Ganeshotsav likely to be noise-free this year

Prajakta Joshi
Friday, 11 August 2017

Speaking with the media, Shaha said, “We are calling this strike to protest against the harassment that we face from the police. According to the Supreme Court ruling, we cannot raise the noise higher than 65 decibels. However, we are not given clear directions by the police as to how the decibels will be measured.”

PUNE: While the Pune Sounds and Electrical Generators Association has called an indefinite strike from August 11, refusing to provide sound systems for any event in the city, noise activists and the police have expressed happiness over the possibility of now having a noise-free festive weekend.  With Dahi Handi right round the corner on August 15, Uday Shaha, President of Pune Sounds & Electrical Generators Association said that no Dahi Handi mandal will be provided with sound systems by any operator in the city. 

No clarity on rules 
Speaking with the media, Shaha said, “We are calling this strike to protest against the harassment that we face from the police. According to the Supreme Court ruling, we cannot raise the noise higher than 65 decibels. However, we are not given clear directions by the police as to how the decibels will be measured.”

He added, “As any place has a noise level of its own, we need to raise the decibels so that the crowd can hear us. We want a clarity as to whether the already existing noise levels of a place will be included or not while measuring the decibels of our speakers.”

65 decibels limit
Ravindra Sengaonkar, Additional Commissioner of Police, Pune said, “Keeping the sound under 65 decibels has become law and we are just making sure that everybody abides by the law. In a meeting with the Association, we suggested to them to meet us with two speakers, two bass and amplifiers to fix the volume at which they can play, but they never contacted us.”  JS Salunke, Sub-Regional Officer, Maharashtra Pollution Control Board (MPCB) said he cannot say anything about the strike as it’s a legal matter. “As far as the strike is concerned, we are happy as long as the noise pollution is under control and people aren’t facing problems because of it,” Salunke added.

Noise-free festivals
Adv Aseem Sarode, city-based noise activist said the strike was actually a great thing as it will make people realise that they can celebrate festivals without loudspeakers. He said, “There are two types of noise pollution, one caused by inevitable factors like crowd, vehicles, etc. that cannot be controlled unless we change the behavioural patterns which cannot happen overnight. 
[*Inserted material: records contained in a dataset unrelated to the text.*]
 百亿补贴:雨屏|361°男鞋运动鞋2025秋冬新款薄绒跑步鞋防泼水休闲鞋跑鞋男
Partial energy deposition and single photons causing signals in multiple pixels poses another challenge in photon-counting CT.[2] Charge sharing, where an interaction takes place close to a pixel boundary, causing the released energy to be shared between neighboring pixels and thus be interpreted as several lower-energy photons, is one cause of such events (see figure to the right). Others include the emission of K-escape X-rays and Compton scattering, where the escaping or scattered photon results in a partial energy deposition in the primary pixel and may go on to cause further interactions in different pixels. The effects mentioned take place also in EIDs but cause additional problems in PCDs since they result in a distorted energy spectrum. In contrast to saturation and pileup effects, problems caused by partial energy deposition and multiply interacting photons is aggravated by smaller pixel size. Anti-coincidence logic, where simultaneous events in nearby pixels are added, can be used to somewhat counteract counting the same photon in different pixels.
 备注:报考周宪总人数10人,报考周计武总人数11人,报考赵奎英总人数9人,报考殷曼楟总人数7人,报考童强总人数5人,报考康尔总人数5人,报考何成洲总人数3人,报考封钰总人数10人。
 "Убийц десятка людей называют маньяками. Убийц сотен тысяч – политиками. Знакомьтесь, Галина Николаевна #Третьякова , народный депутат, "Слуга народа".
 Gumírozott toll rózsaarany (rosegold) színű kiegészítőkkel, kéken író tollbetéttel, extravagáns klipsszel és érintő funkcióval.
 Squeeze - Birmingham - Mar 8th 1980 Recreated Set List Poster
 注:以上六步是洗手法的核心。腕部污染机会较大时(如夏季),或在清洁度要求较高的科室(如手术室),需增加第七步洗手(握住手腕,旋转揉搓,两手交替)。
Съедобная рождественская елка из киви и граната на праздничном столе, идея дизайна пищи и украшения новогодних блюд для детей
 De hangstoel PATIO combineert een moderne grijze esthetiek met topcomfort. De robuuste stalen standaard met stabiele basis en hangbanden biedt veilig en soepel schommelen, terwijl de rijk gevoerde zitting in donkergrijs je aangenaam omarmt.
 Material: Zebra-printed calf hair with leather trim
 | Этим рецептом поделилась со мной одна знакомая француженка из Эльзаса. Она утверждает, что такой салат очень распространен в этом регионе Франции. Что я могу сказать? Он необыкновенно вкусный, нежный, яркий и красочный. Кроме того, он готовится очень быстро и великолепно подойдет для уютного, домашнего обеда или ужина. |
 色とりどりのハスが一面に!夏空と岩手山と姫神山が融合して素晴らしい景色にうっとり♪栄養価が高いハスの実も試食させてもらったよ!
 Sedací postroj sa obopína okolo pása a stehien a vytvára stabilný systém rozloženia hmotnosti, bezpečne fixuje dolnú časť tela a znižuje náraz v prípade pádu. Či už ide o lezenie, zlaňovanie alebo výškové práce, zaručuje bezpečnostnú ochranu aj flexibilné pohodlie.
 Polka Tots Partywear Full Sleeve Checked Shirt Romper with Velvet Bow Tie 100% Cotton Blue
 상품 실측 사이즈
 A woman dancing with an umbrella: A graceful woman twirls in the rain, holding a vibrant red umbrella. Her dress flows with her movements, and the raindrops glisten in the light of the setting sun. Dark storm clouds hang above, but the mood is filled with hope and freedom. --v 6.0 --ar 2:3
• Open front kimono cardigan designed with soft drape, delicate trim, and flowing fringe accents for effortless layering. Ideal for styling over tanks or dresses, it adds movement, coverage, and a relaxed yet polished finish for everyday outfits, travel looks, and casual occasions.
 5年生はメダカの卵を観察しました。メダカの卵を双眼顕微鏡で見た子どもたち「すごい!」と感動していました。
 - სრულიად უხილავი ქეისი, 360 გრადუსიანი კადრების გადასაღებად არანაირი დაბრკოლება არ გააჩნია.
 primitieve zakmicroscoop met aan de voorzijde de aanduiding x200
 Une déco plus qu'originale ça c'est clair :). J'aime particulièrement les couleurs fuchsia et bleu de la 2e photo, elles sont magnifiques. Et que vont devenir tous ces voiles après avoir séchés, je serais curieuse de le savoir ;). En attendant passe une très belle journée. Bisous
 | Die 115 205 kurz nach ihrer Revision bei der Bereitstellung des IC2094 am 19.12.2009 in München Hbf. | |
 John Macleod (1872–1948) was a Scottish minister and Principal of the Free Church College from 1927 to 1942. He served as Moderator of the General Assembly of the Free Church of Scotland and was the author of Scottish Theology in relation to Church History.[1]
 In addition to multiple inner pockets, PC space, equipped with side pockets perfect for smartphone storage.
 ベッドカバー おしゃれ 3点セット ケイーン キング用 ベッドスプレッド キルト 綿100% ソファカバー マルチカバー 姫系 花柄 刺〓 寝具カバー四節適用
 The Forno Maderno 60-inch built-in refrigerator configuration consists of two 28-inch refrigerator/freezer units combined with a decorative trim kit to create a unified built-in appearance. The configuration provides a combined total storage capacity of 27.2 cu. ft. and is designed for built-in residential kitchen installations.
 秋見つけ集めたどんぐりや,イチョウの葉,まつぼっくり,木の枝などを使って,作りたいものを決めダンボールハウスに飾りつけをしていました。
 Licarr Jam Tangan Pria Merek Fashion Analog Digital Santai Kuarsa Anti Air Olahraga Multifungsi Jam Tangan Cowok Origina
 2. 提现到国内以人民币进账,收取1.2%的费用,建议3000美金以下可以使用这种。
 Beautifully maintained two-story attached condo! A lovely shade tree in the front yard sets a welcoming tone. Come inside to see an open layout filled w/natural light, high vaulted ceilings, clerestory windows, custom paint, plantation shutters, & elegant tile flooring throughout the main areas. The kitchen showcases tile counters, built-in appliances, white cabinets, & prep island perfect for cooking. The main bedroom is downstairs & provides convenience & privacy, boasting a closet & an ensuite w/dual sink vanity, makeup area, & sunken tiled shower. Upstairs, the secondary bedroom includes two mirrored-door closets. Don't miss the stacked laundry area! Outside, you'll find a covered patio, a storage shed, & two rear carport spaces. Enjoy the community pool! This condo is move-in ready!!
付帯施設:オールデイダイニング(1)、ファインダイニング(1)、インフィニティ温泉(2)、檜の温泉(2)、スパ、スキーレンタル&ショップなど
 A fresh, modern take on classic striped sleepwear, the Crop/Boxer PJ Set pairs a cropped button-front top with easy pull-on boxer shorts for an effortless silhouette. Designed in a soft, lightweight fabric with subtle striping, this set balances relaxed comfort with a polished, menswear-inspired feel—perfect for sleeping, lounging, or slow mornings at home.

Then there are evitable agents like loudspeakers we can do without. These are the things that could be avoided, or the pollution caused by these could be reduced. Using loudspeakers above the specified decibels because there is already high level of noise which needs to be topped cannot be justified.”

A NOISE-FREE DAHI HANDI?
- Amit Kank of Natu Baug Mandal, Bajirao Road said they had received a letter from the  Pune Sounds & Electrical Generators Association about not providing the sound systems for Dahi Handi. 
- “As the strike on August 15 would be statewide, we can’t make any alternative arrangement. So if they do not give us the loudspeakers, we will celebrate without any noise. While this wouldn’t really cause us loss, the excitement of the festival would drop as many people who come to see Dahi Handi because they love to dance on the streets, wouldn’t come this time,” Kank said.

NO SOUND SYS  FOR PMC
There will be a state-wide strike by sound and light generator operators on August 15.  The sound systems will not be provided for the PMC’s event on August 12, which Chief Minister Devendra Fadnavis will be attending.